Your newLISP code Jeff, "runs forever" at 100% CPU usage, I killed it after 10 minutes... It continually accesses the hard drive to use the hard drive virtual memory... (The functional language/VN disk thrash record on this machine is held by PLT Scheme's Dr. Scheme IDE, which takes almost 50 minutes to load and run!)



So you might be having memory "juggling" issues that don't show up on large memory machines, but requires more time than expected for your code to execute...



Swans and Lisp(s) look gracefully smooth on the surface, while paddling like heck under the surface!



-- xytroxon
\"Many computers can print only capital letters, so we shall not use lowercase letters.\"

-- Let\'s Talk Lisp (c) 1976

Jeff

#3
Well, look at the numbers.  It's making arrays of 512 * 10000 elements.  Run it with smaller sizes and multiply the results.  The array is used for constant access speeds.



The same with the other languages.



Xytroxon - it ran consistently at 20-21 seconds on my 2.5 ghz quad-core ppc with 4 gigs of ram.
Jeff

=====

Old programmers don\'t die. They just parse on...



http://artfulcode.net\">Artful code

xytroxon

#4
Quote from: "Jeff"Well, look at the numbers.  It's making arrays of 512 * 10000 elements.  Run it with smaller sizes and multiply the results.  The array is used for constant access speeds.



The same with the other languages.



Xytroxon - it ran consistently at 20-21 seconds on my 2.5 ghz quad-core ppc with 4 gigs of ram.


Backed it down to 1000



D:MinGW - 18:14:04.58 Tue 09-02-2008

->"c:program filesphp5php.exe" test.php

Primes up to     1000      168

Primes up to        0        0

Primes up to        0        0



D:MinGW - 18:14:30.78 Tue 09-02-2008

->nl test.nl

Primes up to   512000    42445

Primes up to   256000    22525

Primes up to   128000    11987



D:MinGW - 18:16:20.52 Tue 09-02-2008

->lua test.lua

"C:Lualua5.1.exe" test.lua

Primes up to     4000      550

Primes up to     2000      303

Primes up to     1000      168

----

The spaces all look right, but Python is still MIA...

-----



While newLISP takes a few minutes to run... It looks like it is doing the calculations on this machine! Amazing!!!

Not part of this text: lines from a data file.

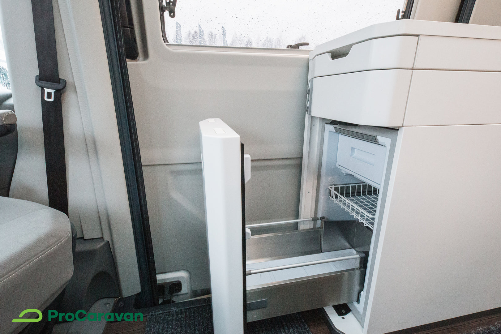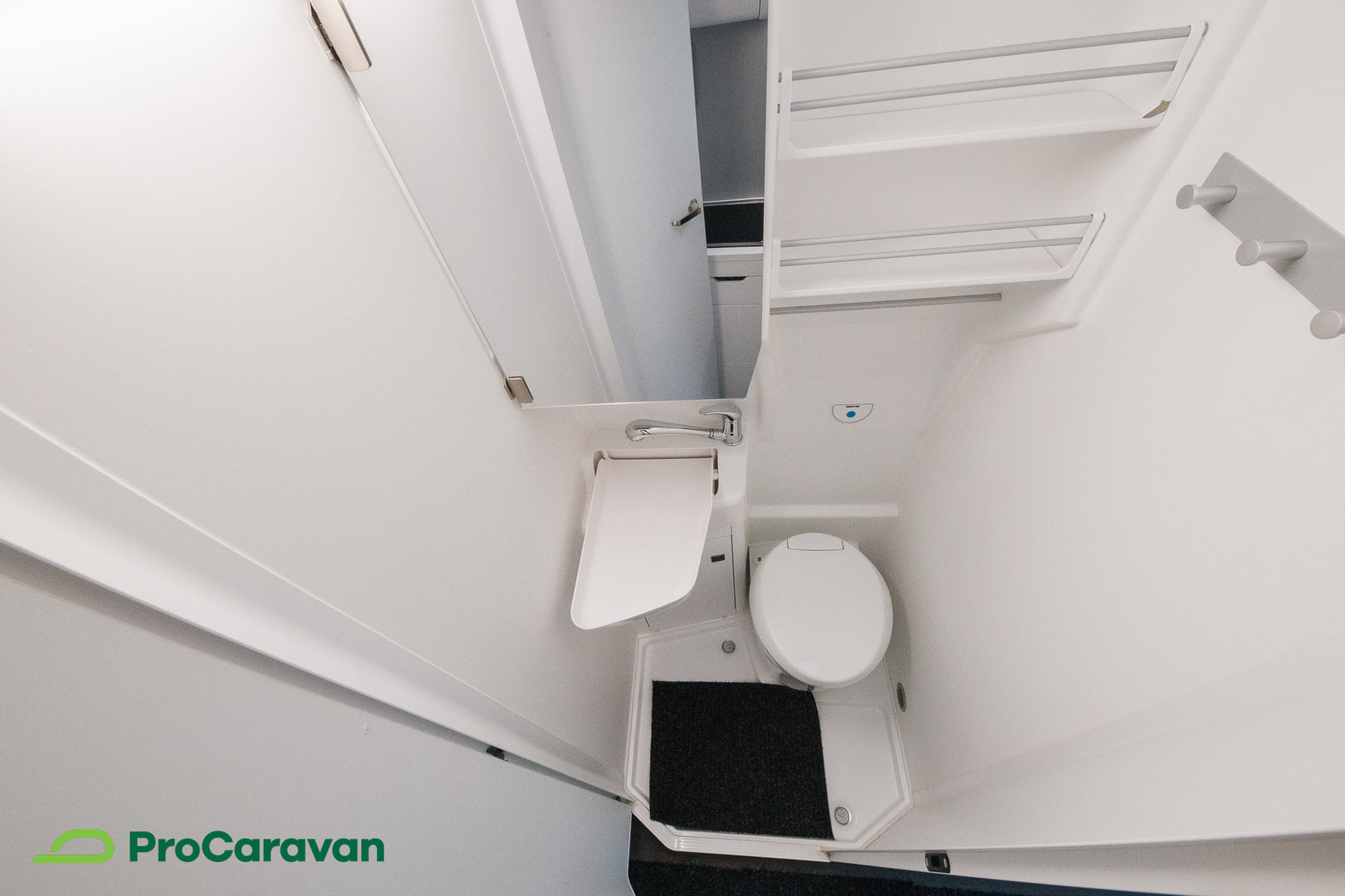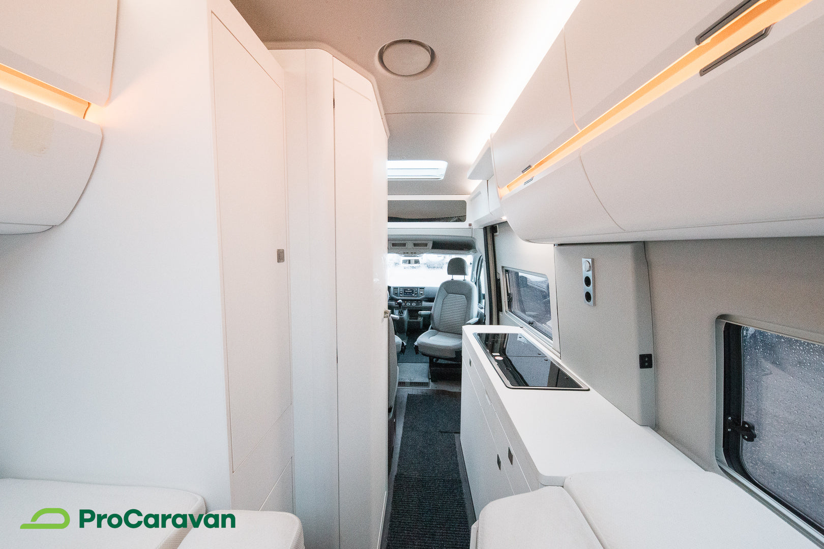 Lämmityksestä vastaa Truma-ilmakeskuslämmitys ja sähköpatruuna, jotka pitävät sisätilat miellyttävinä säästä riippumatta. Parivuode tarjoaa levolliset yöunet, ja liesi, jääkaappi sekä pakastelokero mahdollistavat monipuolisen ruoanlaiton missä tahansa. Matkan aikana peseytyminen onnistuu helposti kasetti-WC:n ja pesualtaan avulla.
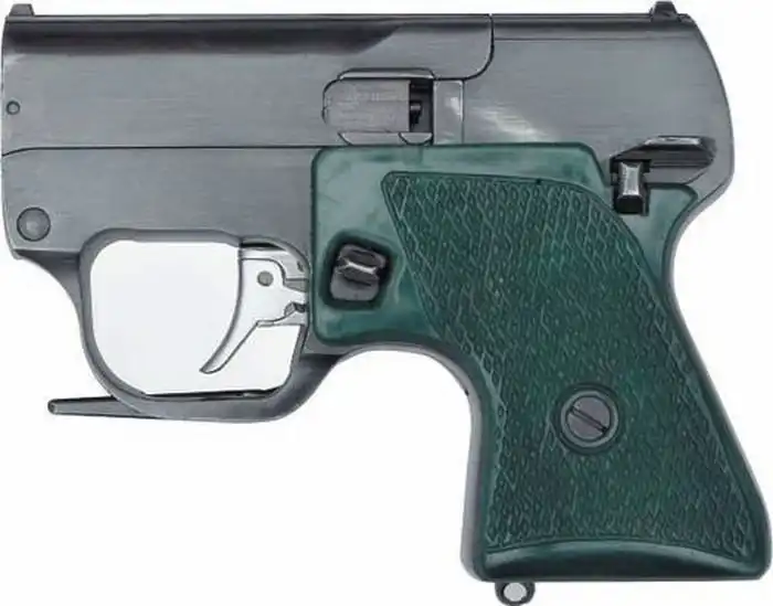 Этот пистолет лязгом подвижных частей себя не выдавал, у него и просто не было. Выше я уже рассказывал вам про принцип работы патрона в револьвере Гуревича, по такому же принципу создан и патрон "Змея". Только вместо воды, порховой заряд там отделен поршнем.
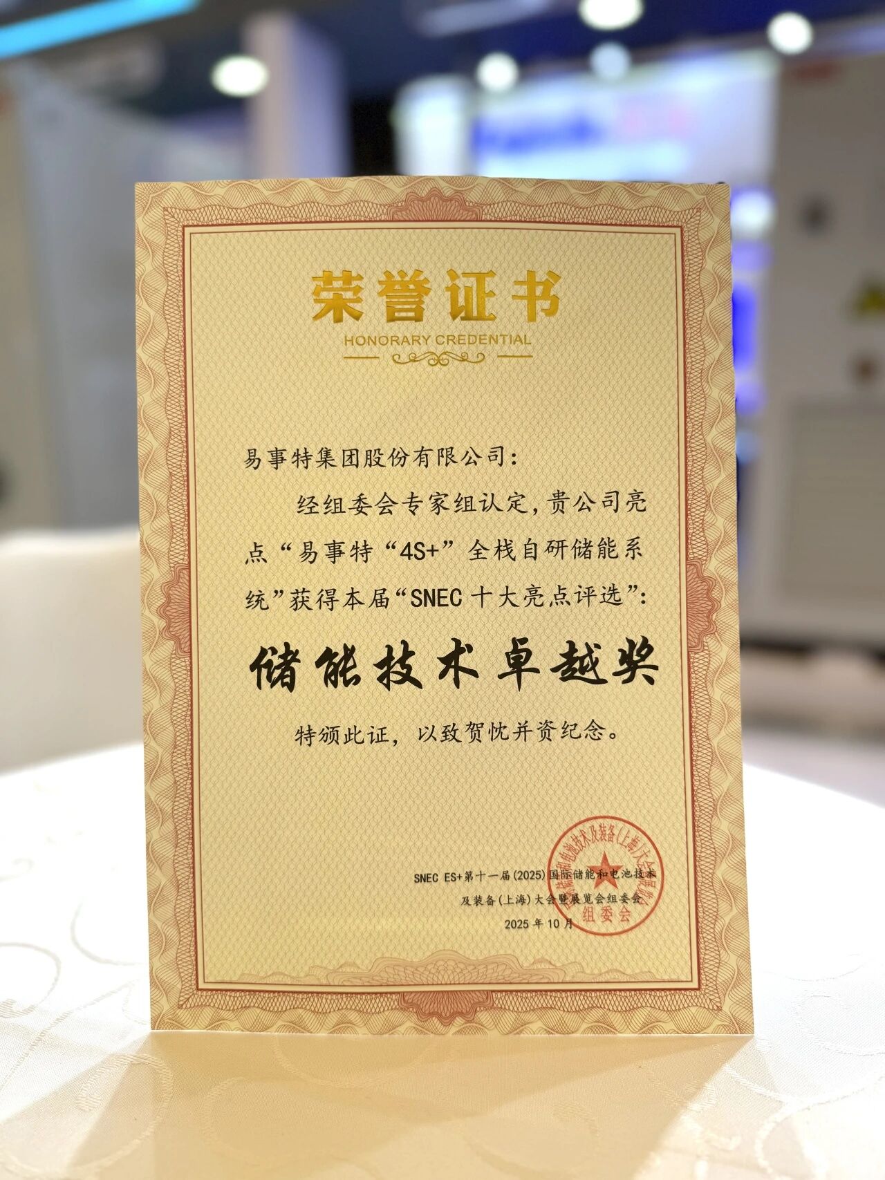 喜訊!易事特榮膺SNEC ES+十大亮點(diǎn) “儲(chǔ)能技術(shù)卓越獎(jiǎng)”
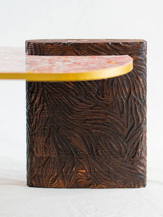Cette table a été designée afin de combiner différents acteurs de l'économie circulaire. Le plateau peut être fait de terrazzo de tissu, créé par Nathan Efflame ou de marbre de coquillage, un matériaux créé par Atelier PUMM.
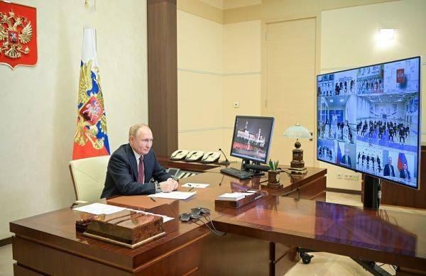 当地时间2022年1月25日,俄罗斯莫斯科,俄总统普京在官邸与即将参加北京冬奥会的运动员们视频连线。(视觉中国)

Is thw PHP code the problem? Or is the Zend engine kicking in to help the speed???



This was fun... Timw for supper!!!
\"Many computers can print only capital letters, so we shall not use lowercase letters.\"

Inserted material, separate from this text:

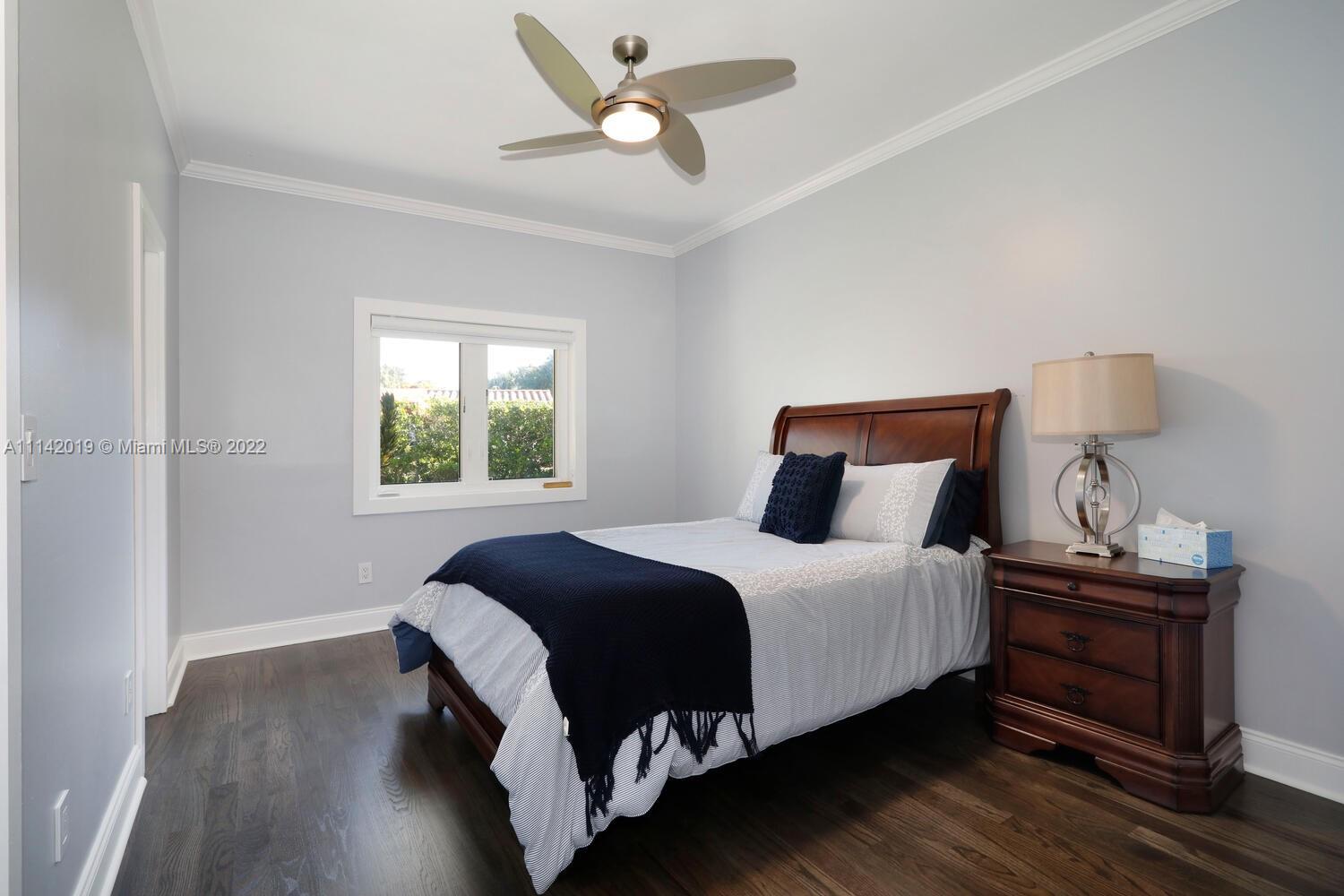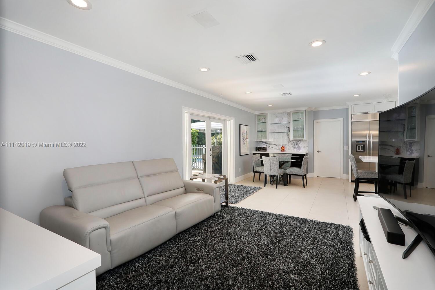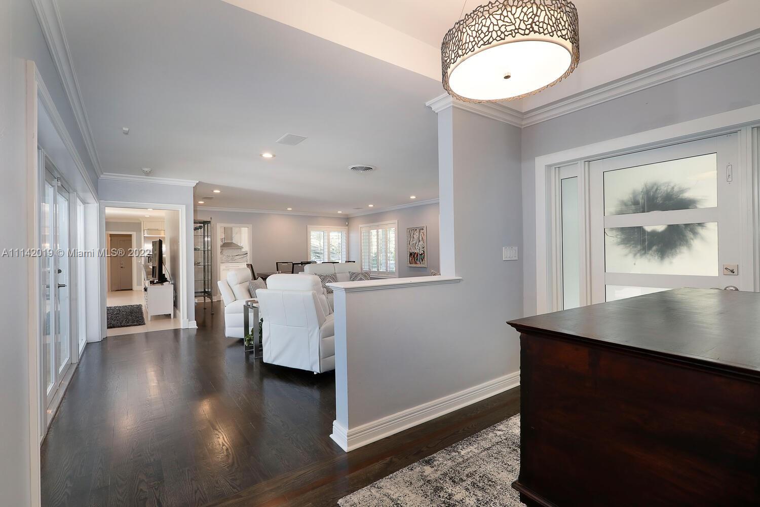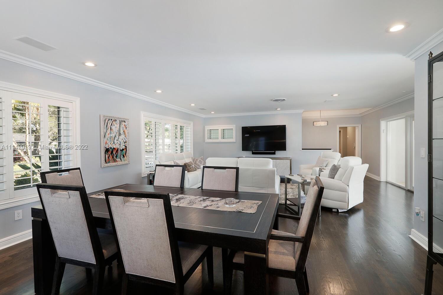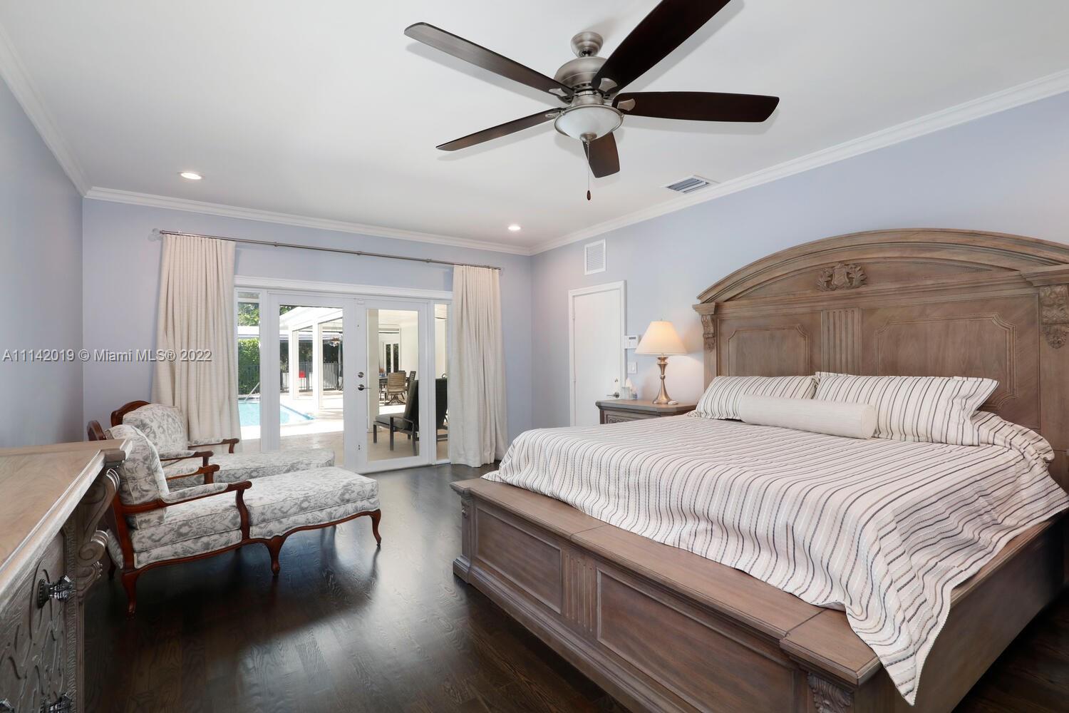 Exclusive Pine Bay Estates, rarely a home listed for sale in this small community in South Coral Gables. This mid-century ranch, sitting on a 3/4 acre corner lot has been meticulously updated to today's standard of living. 4 bedroom and 3 baths with complete hurricane protection including newly installed high impact glass windows and doors. Total Sonos sound package provides entertainment inside and out. The newly resurfaced salt water swimming pool has a Diamond Bright interior. Set way back off the street, the newly done circular driveway was paved with brick pavers. The huge backyard can be enjoyed through walls of glass or by using the large entertaining screened in porch next to the pool. The screen panels can be raising or lowered electronically with a remote. Enjoy the privacy!
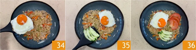 Plate the nasi goreng by placing the fried egg on top 34 and garnishing with the cucumbers 35 and raw tomatoes. The nasi goreng is ready to be served 36!

-- Let\'s Talk Lisp (c) 1976

Kazimir Majorinc

#5
(setq sieve (lambda(size)
              (let ((flags (array (+ size 1)))
                    (sqrtsize (sqrt size))
                    (total 0))
                   
                   (for (i 2 sqrtsize)
                     (when (not (flags i))
                           (for (k (* i i) size i)
                             (nth-set (flags k) 0))
                           (inc 'total)))
                           
                   (for (i (+ sqrtsize 1) size)
                     (unless (flags i)
                             (inc 'total)))
                     
                   total)))


This one is ~ 1.5 times faster, but trick is mathematical, not programming.
http://kazimirmajorinc.com/\">WWW site; http://kazimirmajorinc.blogspot.com\">blog.

cormullion

#6
I can do it in 11 seconds (as opposed to 14) if I get spawn on the case.



Kasimir's function and spawn get me down to 6 seconds... :)

unixtechie

#7
.. what is it I am doing wrong?

running your snippet on a 1.8GHz single-core Intel compaq/HP laptop with 1GB of memory takes 13 seconds under Linux

cormullion

#8
Looks like an unsurprising time to me. My 2Ghz Core Duo runs Jeff's code in 14 seconds (presumably without engaging both CPUs). Allowing for the way I'm running scripts (not from the command line but from an editor) that seems to match yours. Jeff's using PPCs rather than Intels - are they a bit slower?

Jeff

#9
For math and graphics, PPCs should be faster.
Jeff

=====

Old programmers don\'t die. They just parse on...



http://artfulcode.net\">Artful code

cormullion

#10
Interesting - and puzzling too, that a "2.5 ghz quad-core ppc with 4 gigs of ram" manages 20 seconds whereas a "2 ghz intel core duo with 1 gig of ram" manages 14... Still, the results are in the same general area - not 0.3 seconds, for example.